The key is our parent and family education team, composed of doctors, nurses, clinical educators, nurse and respiratory leaders, social workers, discharge planners and child life specialists. After an initial evaluation, the team develops an individualized education plan for each family. Many factors influence a family’s ability to master the complex care their child requires, including home conditions, family dynamics, cultural, language and educational needs and barriers, and parental anxiety. Often, parents enter traumatized, unable to see a path forward, and not yet in a condition to learn. Staff must also often contend with the multiple demands on parents’ time posed by jobs and other children at home. The team continually plans and monitors not just the child’s condition and treatment, but the parents’ educational needs and progress as well.

For many parents, the teaching process begins in our simulation lab. A safe environment away from the bedside, it is the place where tears can be shed, skills learned and mistakes made without harm. Child life specialists help desensitize parents and siblings to the sights and sounds of medical equipment. Nurses and therapists use medical dolls to teach parents how to insert tubes, to suction, and to monitor and interpret mechanical signals and physical responses of their child. Parents learn everything from how to bathe a baby with tubes attached to his body to how to manage a portable ventilator and oxygen. Teaching continues at the bedside, as techniques are demonstrated and practiced again and again. Questions are freely asked and patiently answered. Written checklists break down procedures into single steps to reinforce learning. CPR training is provided for parents and caregivers.

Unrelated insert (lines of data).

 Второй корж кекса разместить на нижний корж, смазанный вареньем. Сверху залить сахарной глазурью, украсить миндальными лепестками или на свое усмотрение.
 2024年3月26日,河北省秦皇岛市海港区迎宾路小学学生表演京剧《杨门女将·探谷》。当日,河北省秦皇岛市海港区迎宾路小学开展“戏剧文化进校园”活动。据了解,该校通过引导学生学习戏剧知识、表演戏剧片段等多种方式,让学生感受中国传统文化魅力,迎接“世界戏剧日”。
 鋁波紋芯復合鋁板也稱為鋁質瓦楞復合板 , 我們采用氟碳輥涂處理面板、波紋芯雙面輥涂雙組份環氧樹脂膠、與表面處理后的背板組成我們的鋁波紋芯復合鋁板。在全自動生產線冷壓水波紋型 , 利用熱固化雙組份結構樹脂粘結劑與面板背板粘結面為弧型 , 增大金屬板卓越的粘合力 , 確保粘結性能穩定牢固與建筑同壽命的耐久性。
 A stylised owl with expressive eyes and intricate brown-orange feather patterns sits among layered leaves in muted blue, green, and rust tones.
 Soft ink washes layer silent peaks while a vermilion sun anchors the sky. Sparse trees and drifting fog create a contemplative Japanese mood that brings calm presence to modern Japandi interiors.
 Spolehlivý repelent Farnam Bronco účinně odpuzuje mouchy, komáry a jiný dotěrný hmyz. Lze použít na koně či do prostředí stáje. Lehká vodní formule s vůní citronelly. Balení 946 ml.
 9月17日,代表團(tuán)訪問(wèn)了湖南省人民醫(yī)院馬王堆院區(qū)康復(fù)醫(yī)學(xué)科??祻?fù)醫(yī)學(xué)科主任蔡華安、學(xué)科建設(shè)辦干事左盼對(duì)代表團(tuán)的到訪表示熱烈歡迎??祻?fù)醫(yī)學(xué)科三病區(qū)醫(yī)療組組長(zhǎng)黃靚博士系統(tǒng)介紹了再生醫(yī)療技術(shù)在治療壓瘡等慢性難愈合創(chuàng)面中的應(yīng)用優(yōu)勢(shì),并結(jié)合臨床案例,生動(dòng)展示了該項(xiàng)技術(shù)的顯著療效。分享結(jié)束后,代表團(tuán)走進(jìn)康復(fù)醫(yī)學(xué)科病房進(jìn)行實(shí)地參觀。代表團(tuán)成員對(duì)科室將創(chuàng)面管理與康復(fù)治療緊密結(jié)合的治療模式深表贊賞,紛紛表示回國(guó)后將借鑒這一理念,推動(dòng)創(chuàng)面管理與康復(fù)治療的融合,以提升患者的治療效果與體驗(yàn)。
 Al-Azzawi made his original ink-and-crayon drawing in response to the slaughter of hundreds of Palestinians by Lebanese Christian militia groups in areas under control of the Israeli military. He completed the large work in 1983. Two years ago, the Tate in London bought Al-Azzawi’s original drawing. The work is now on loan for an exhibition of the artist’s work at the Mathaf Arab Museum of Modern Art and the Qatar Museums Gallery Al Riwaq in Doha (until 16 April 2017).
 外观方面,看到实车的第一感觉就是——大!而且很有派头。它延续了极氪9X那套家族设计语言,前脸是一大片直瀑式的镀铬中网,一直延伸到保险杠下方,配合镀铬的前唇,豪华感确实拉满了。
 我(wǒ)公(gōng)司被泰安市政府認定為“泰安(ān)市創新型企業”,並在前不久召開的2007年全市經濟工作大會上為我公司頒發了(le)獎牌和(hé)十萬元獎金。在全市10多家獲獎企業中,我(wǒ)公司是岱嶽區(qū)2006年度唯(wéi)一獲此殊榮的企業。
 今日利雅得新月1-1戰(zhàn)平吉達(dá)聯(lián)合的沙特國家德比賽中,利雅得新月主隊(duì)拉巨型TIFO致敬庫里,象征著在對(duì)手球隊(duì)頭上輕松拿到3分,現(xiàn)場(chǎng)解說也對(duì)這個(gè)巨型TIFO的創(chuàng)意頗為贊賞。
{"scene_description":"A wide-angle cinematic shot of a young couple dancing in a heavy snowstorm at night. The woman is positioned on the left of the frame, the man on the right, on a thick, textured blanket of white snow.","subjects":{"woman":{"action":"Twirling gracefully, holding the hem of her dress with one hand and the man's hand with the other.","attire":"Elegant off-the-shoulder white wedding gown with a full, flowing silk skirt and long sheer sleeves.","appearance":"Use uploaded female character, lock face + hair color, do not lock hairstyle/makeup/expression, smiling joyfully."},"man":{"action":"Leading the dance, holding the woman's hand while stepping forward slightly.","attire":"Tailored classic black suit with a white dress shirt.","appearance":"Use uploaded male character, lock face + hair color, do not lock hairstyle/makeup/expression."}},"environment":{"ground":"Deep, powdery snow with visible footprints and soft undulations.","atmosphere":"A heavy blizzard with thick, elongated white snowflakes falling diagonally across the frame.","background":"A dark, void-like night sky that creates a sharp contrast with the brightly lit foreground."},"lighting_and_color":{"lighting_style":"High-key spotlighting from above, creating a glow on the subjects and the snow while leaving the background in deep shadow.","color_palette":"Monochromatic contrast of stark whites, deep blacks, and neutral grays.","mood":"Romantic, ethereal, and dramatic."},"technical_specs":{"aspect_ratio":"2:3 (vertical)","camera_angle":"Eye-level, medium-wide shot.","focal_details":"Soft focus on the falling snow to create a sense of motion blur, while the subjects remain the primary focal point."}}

In the simulation lab, at bedside, and in meetings with the clinical team, competence and confidence are built. Simultaneous with learning to manage their child’s care, parents and staff celebrate each milestone their child reaches. Gradually, parents become able to again envision a future with their child: of birthday parties and schooling, visits with friends and family, walks together, trips not just to the doctor’s office, but to the mall as well. It is a childhood altered from what they expected, but a childhood nonetheless, at home, within a loving family. It is a future all children - including medically complex children—deserve.

While 24-hour nursing care would most easily bring these children home, we recognize that fiscal issues and an insufficient supply of nurses trained in home care for medically complex children make this an impossibility for most kids. We therefore call upon hospitals throughout our country to join us in allocating the funding, time and effort to make robust and thorough parent and family education a priority. Simultaneously, we call upon Medicaid managed care and insurance companies to reimburse hospitals for the increased time and cost involved in teaching parents to care for their children, a cost-effective investment which saves years of reimbursement for nursing home care.

It is essential, as well, that both Medicaid managed care and insurance companies recognize that the emotional readiness and time available for learning varies from parent to parent, as does the time needed to process new information and gain competence. Cutting off hospital reimbursement when a parent simply needs additional time to learn is a misguided and unjust decision.

The journey home for a medically complex child can at first seem impossibly bewildering and overwhelming. But an intensive education program and the efforts of a skilled and supportive team can make it possible for parents to proceed on that journey, fueled by love, courage, and the confidence, deep within themselves, that “I can do this.”